Carly stops by briefly on her way to see Matt at the hospital. “Really?” she says when I give her a rundown of what happened. “I remember the alcove, sort of,” she says, her face pinched tight as if she can squeeze the memory out. “It's hazy.” She stares at me and shakes her head. “Eric wiped my memory? It just sounds way too motivated and illegal for my straight-laced, passive brother.”

I purse my lips. I'm getting tired of re-convincing Carly. At least this time, she's not mad. She has that same look Mom gets, as if the memories are sitting right there on the tip of her brain and she just can't see them. Like an itch that you can't reach, it must be frustrating. If Luke hadn't shown up, I might have the same itchy look on my face.

In the evening, Dad stops by my room. “I talked to Richard. He'll be speaking with Eric about staying away from you.”

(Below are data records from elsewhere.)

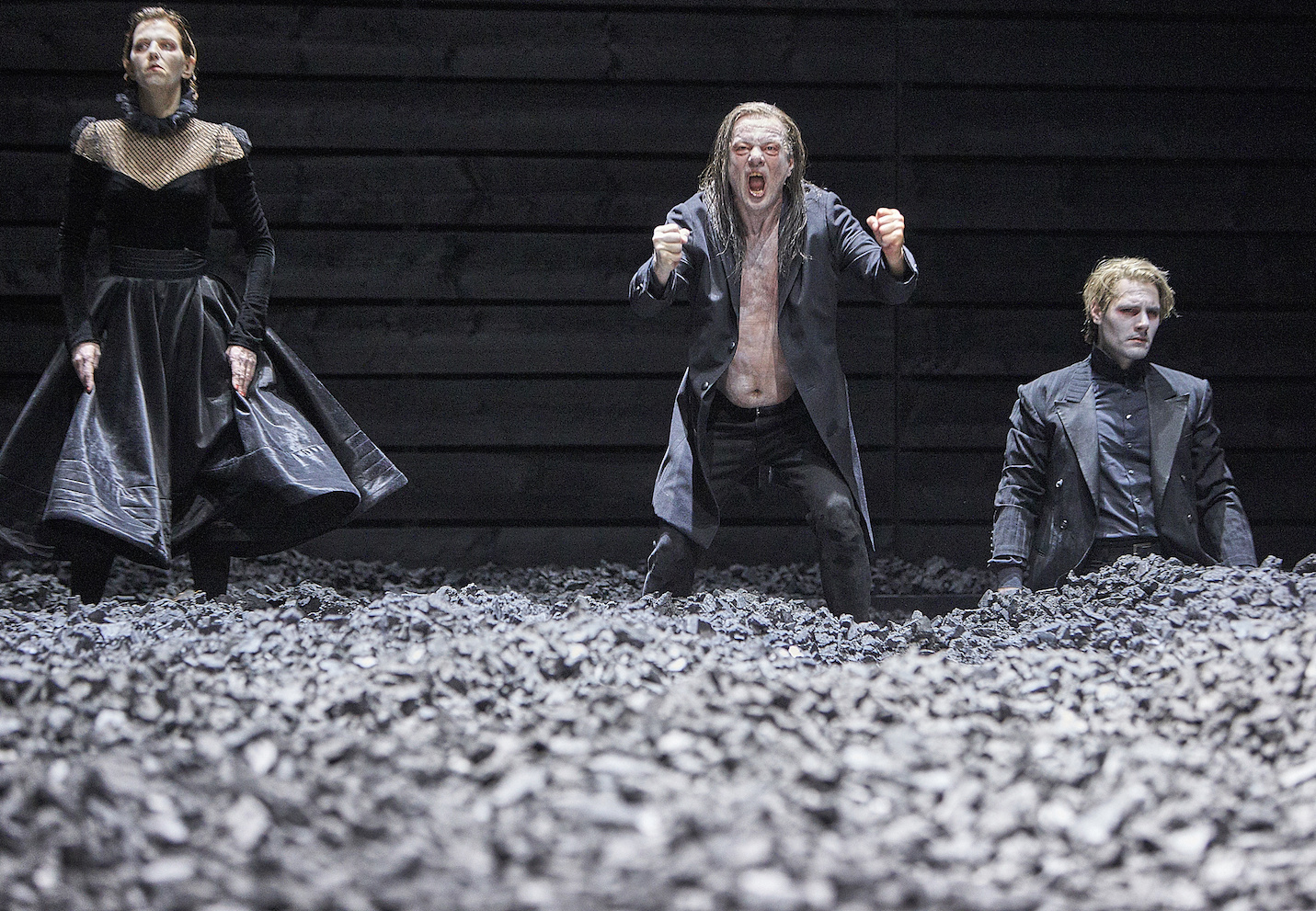 Es sind finstere Zeiten, daran lassen Thalheimer und sein Bühnenbildner Olaf Altmann keinen Zweifel. Kein Licht, höchstens eine Minidosis diffuse Dämmerung injiziert der Lightdesigner Tobias Löffler anfangs in den klaustrophobisch schwarz verschalten Bühnenturm und zeichnet damit eine kaum wahrnehmbare Schraffur an die Seitenwand. Der türenlose Tower zieht den Blick nach oben – irgendwas muss doch noch da sein in dieser Leere, durch die von Beginn an unheilvoll Bert Wredes dunkler Elektrosound kriecht. Doch so etwas wie ein goldener Hoffnungsstreif wird sich an diesem Abend erst zeigen, wenn nach gut zweieinhalb Stunden zielstrebigen Gemetzels endlich auch der Titelheld blutig verendet ist.
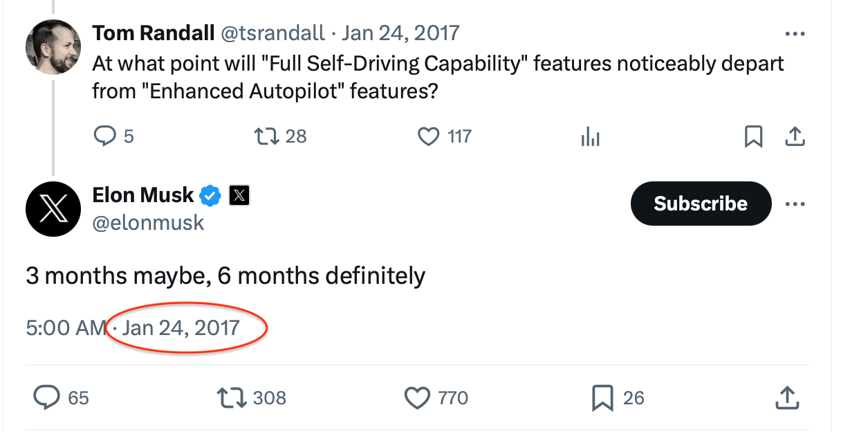7 years on and FSD (full-self driving) is still a mess and Tesla’s shareholders have been stacked with false promises — but until recently that worked just fine.
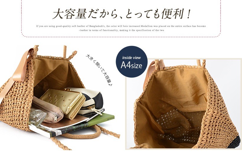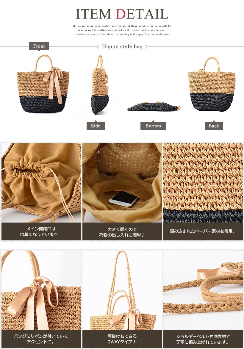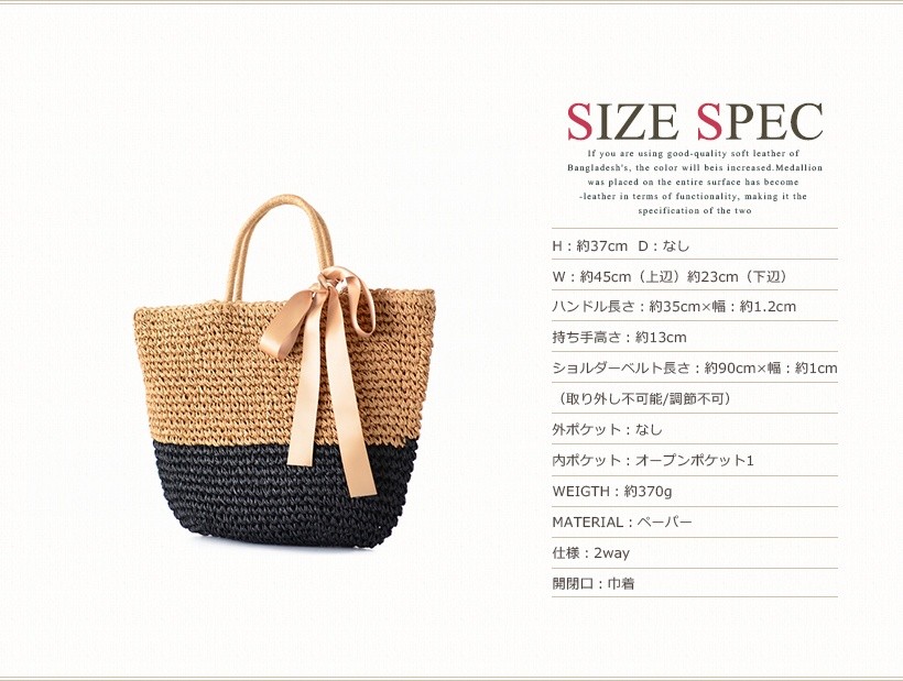●SIZE:高さ:約37cm / 幅:約45cm(上辺)約23cm(下辺) / マチ:なし●ハンドル長さ:約35cm×幅:約1.2cm、持ち手高さ:約13cm●ショルダーベルト長さ:約90cm×幅:約1cm(取り外し不可能/調節不可)●外ポケット:なし●内ポケット:オープンポケット1●素材:ペーパー●重さ:370g●仕様:2way●バッグのメイン開閉口は巾着タイプになっております。[カラー]ベージュ・ベージュブラック
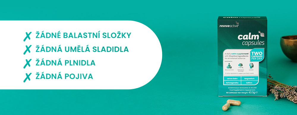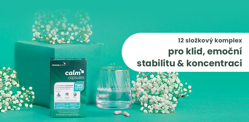 Calm je ve své kategorii ultimátní doplněk stravy, který má okamžitý i dlouhodobý účinek. Produkt je speciálně sestavený pro vytížené jedince vystavené nadměrnému psychickému stresu, emočně náročnému stresu nebo pro každého, kdo má problémy s koncentrací. Lze jej užívat během dne - zklidňuje, ale neuspává. Je vhodný pro všechny věkové skupiny, lze jej užívat při zaměstnání nebo kdykoli, kdy je třeba dodat pocit klidu, pohody a zesílit koncentraci. Calm obsahuje L-theanin a extrakt z listů meduňky pro okamžitý účinek (během hodiny), extrakt z květů šafránů a extrakt z kořene ashwagandhy pro dlouhodobý účinek. Calm dále obsahuje B komplex s obsahem bioaktivního koenzymu vitamínu B2, kyselina listovou ve formě bioaktivního folátu a hořčík v organické formě bisglycinátu hořečnatého. Vitamíny a hořčík účinkují střednědobě až dlouhodobě. To vše bez obsahu nežádoucích a balastních aditiv v každé kapslí! V případě potřeby optimální podpory spánku je možné Revive Active Calm kombinovat s produktem Revive Active Sleep, který je speciálně sestaven pro optimální relaxaci a spánek.
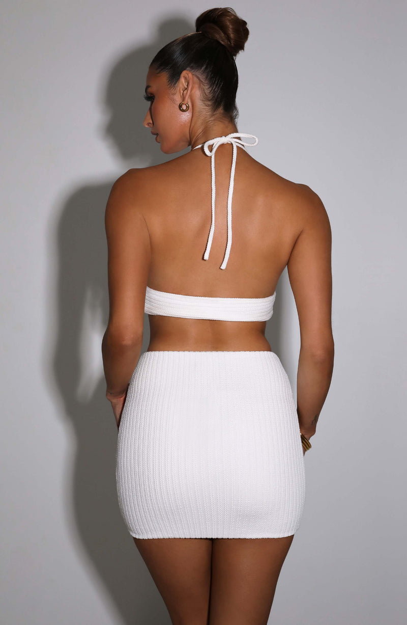 Vacay on the horizon? Make sure you pack Irene, our brand new micro knit mini made with a ruched v waist that can be tightened or loosened for your perfect fit. Match yours with the Irene crop top, loose waves and a summer glow for ultimate vacay vibes.
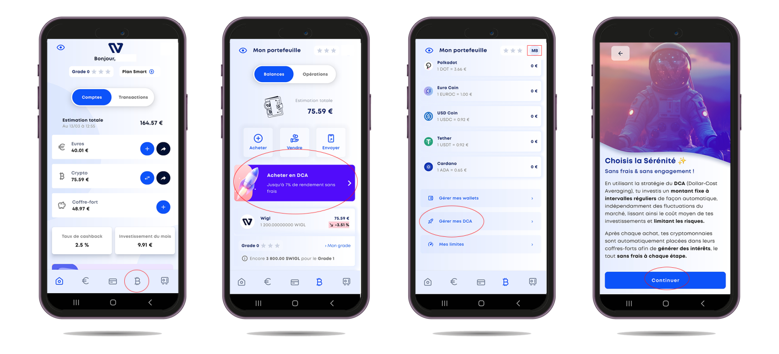 Pour mettre en place un DCA Bitcoin sur Wigl, c’est très simple.
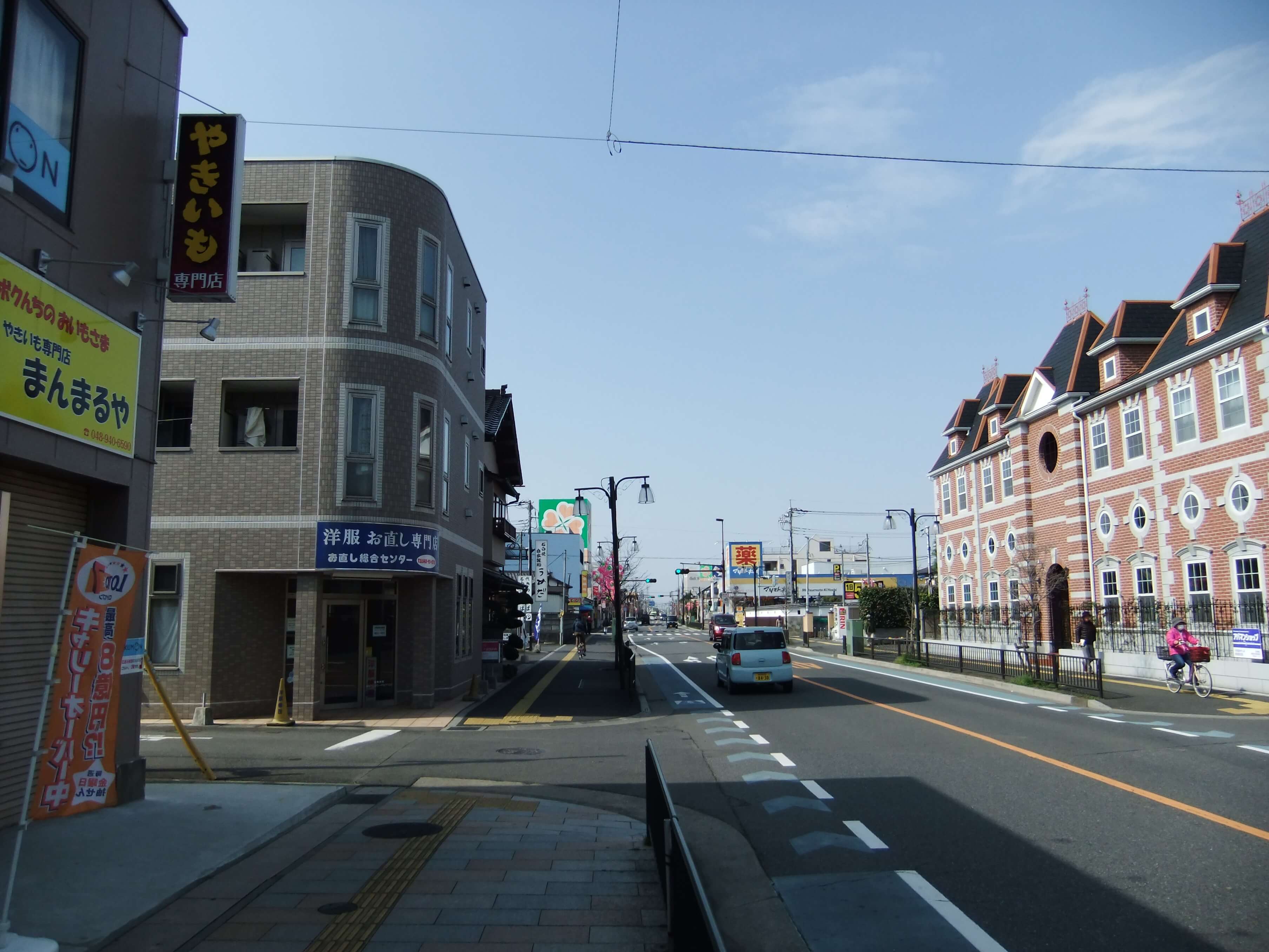 ロータリーを過ぎて、これから駅前通りに出ます。
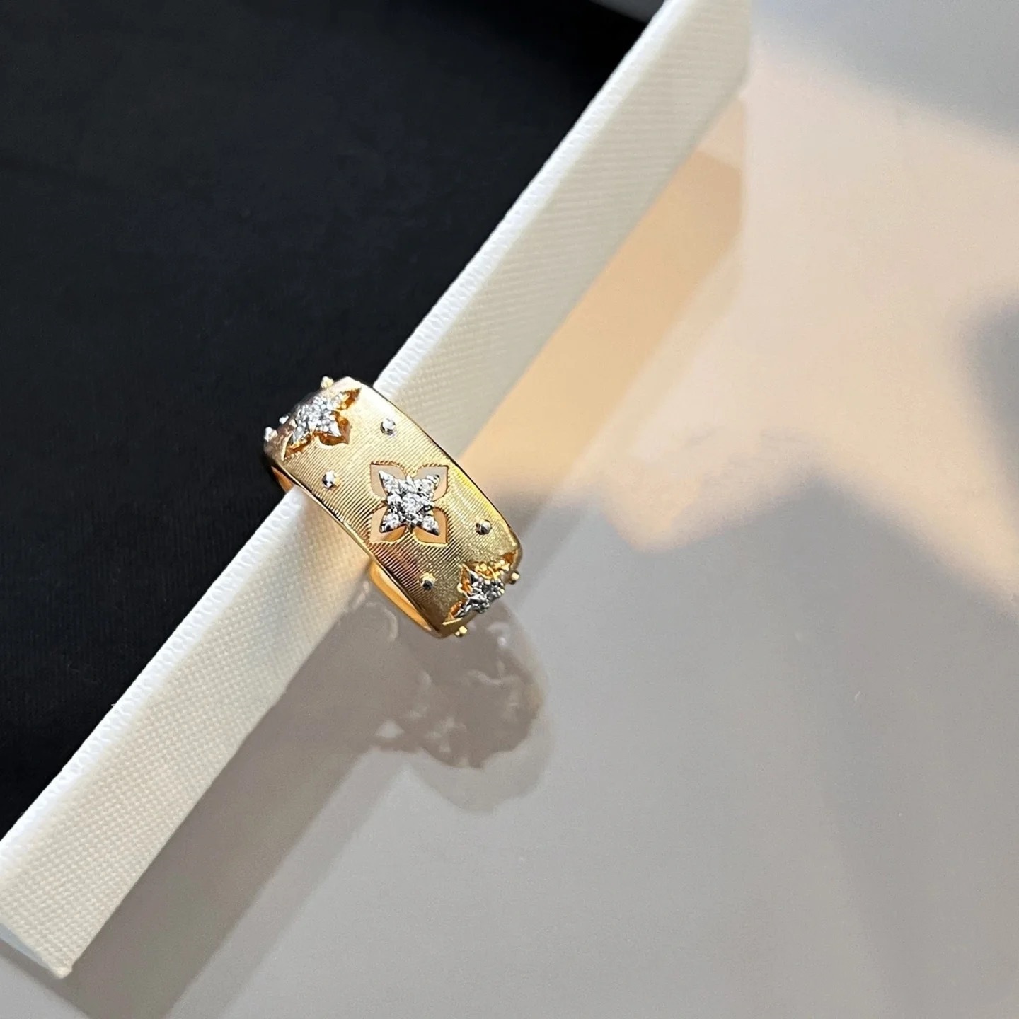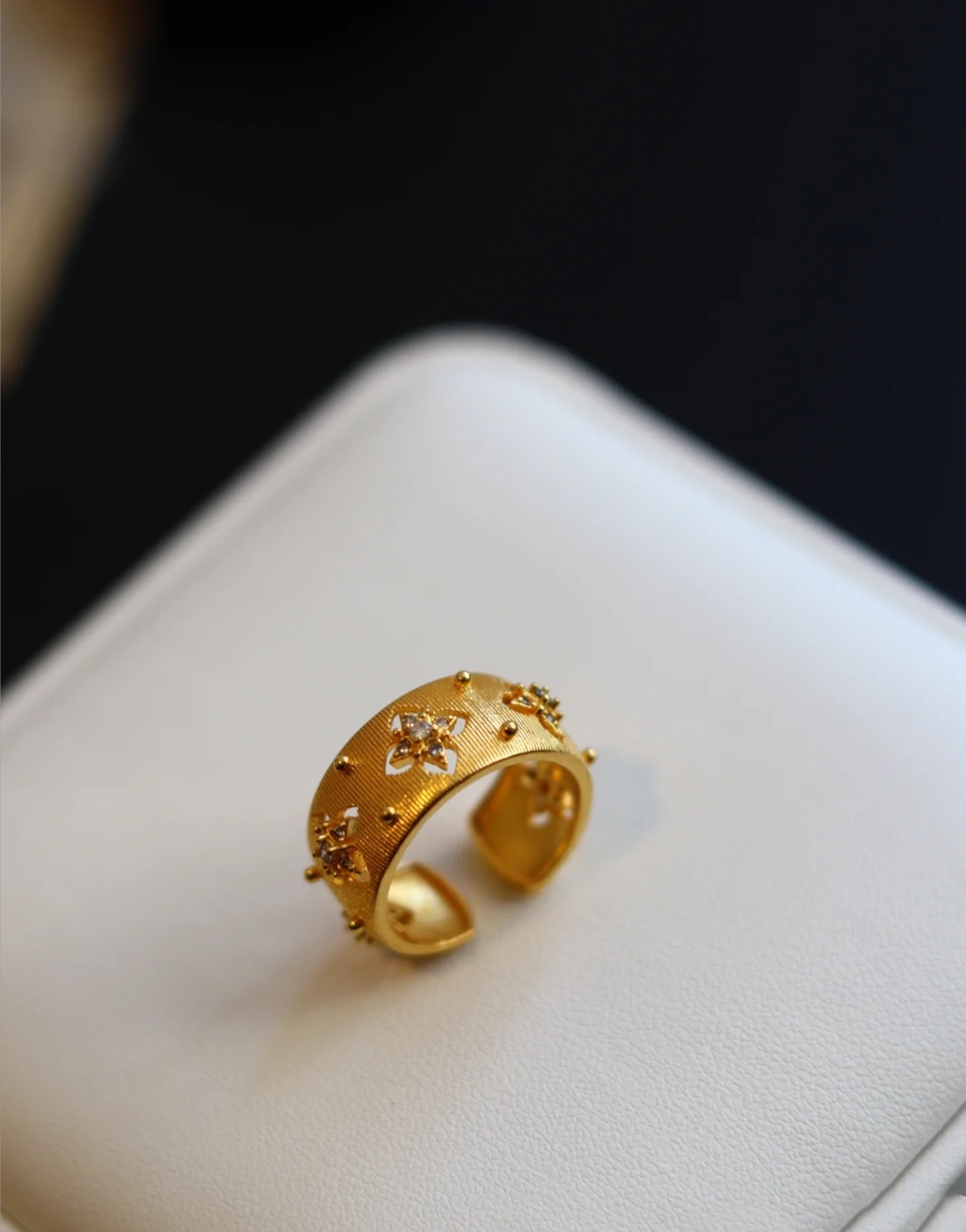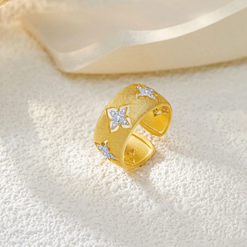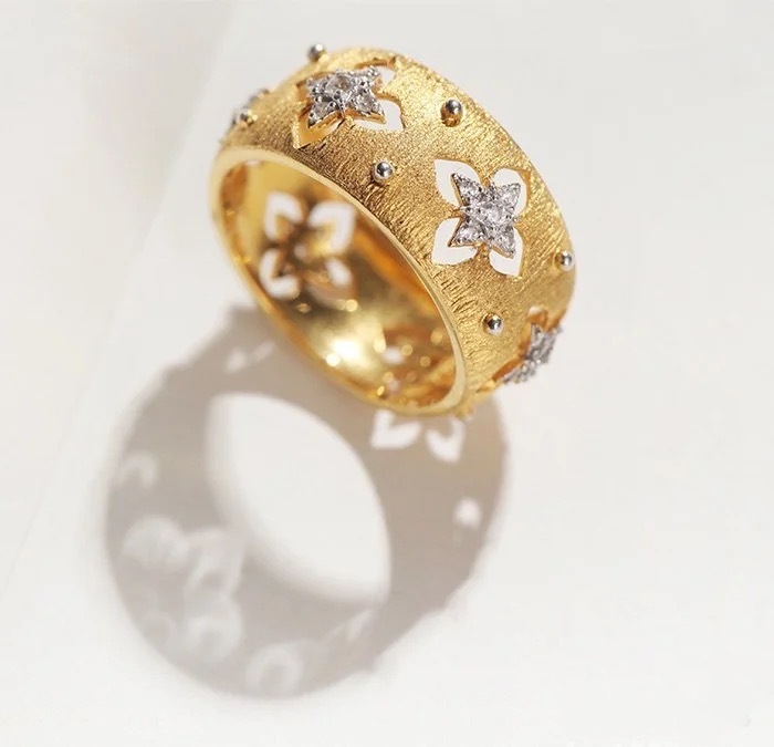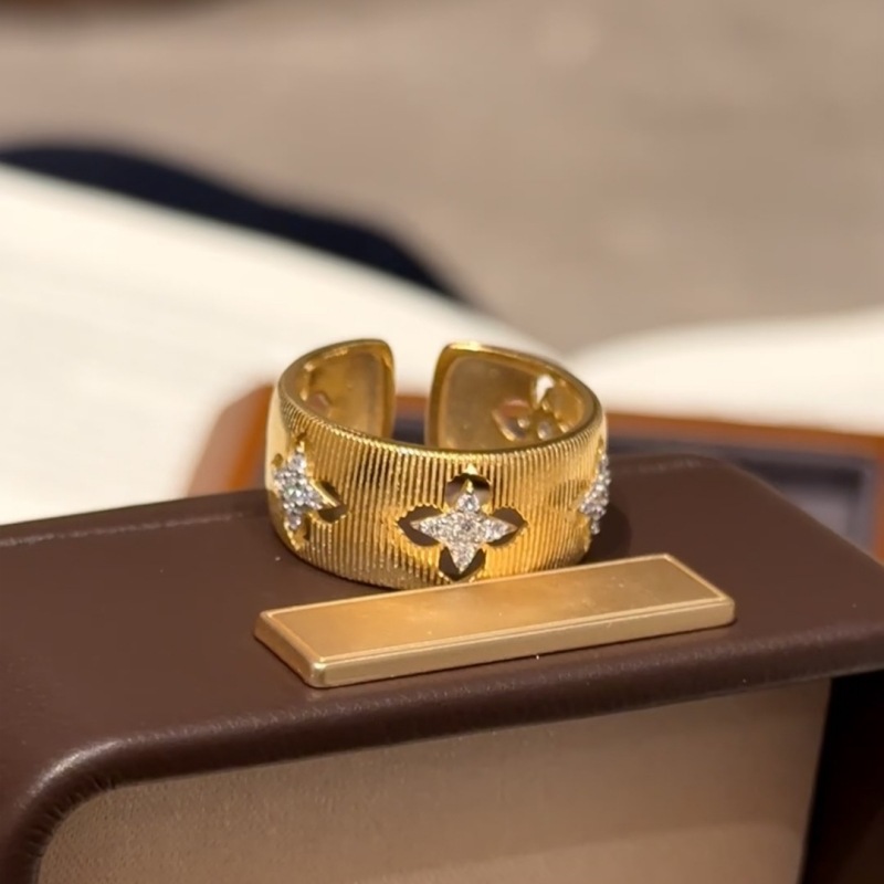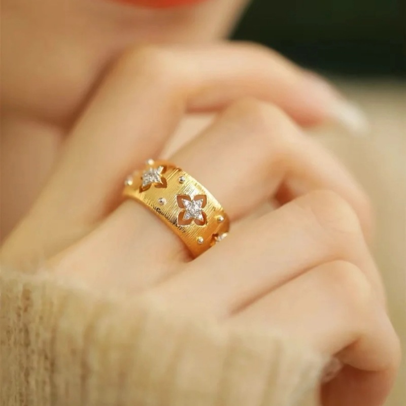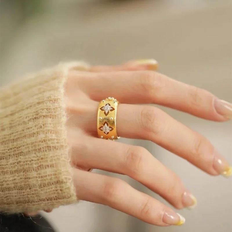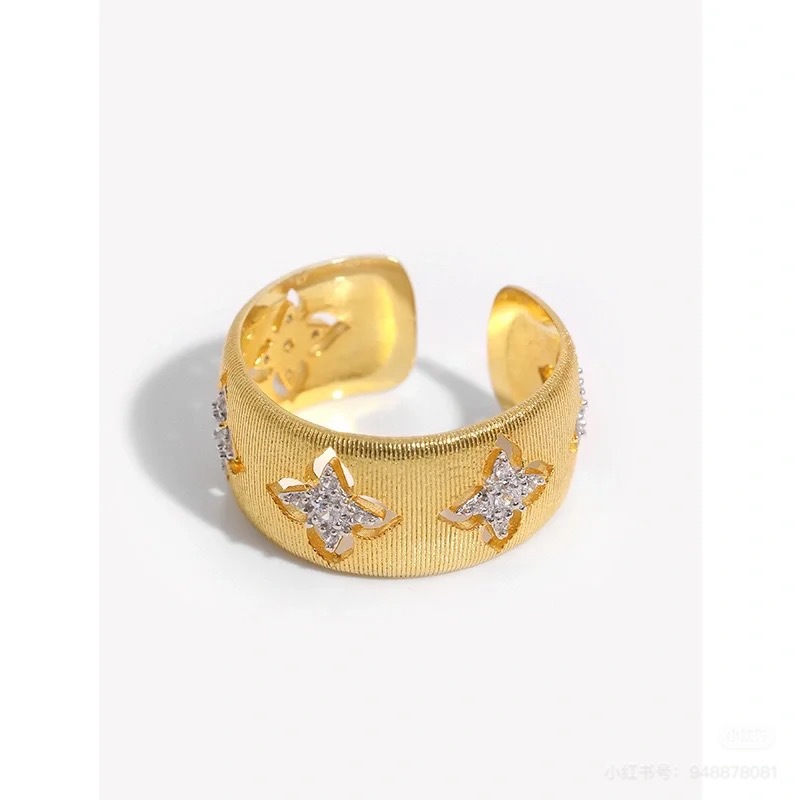 Кольцо из 18-каратного золота с вырезанным четырехлистным клевером au750, цветное золото, женское доступное роскошное высококачественное европейское и американское классическое матовое открытое кольцо

“Thanks,” I mumble, though I'm pretty sure Eric won't care what his dad says. Not if his skewed idea of protecting me is because of some sacred oath he took as a guardian. And if Richard Ashe is in on it, it won't matter, anyway.

“And I want you home right after school Monday,” Dad continues.

“We have after-school rehearsal for the musical Monday, Wednesday, and Friday next week, and then every day the following week.”

Dad huffs, his face turning red. He stares over my head for a long second. Apparently even the seconds are sluggish this weekend. “You haven't told Mom yet that I'm in it, have you?” He shakes his head, looking tired. “I can,” I volunteer, “today.”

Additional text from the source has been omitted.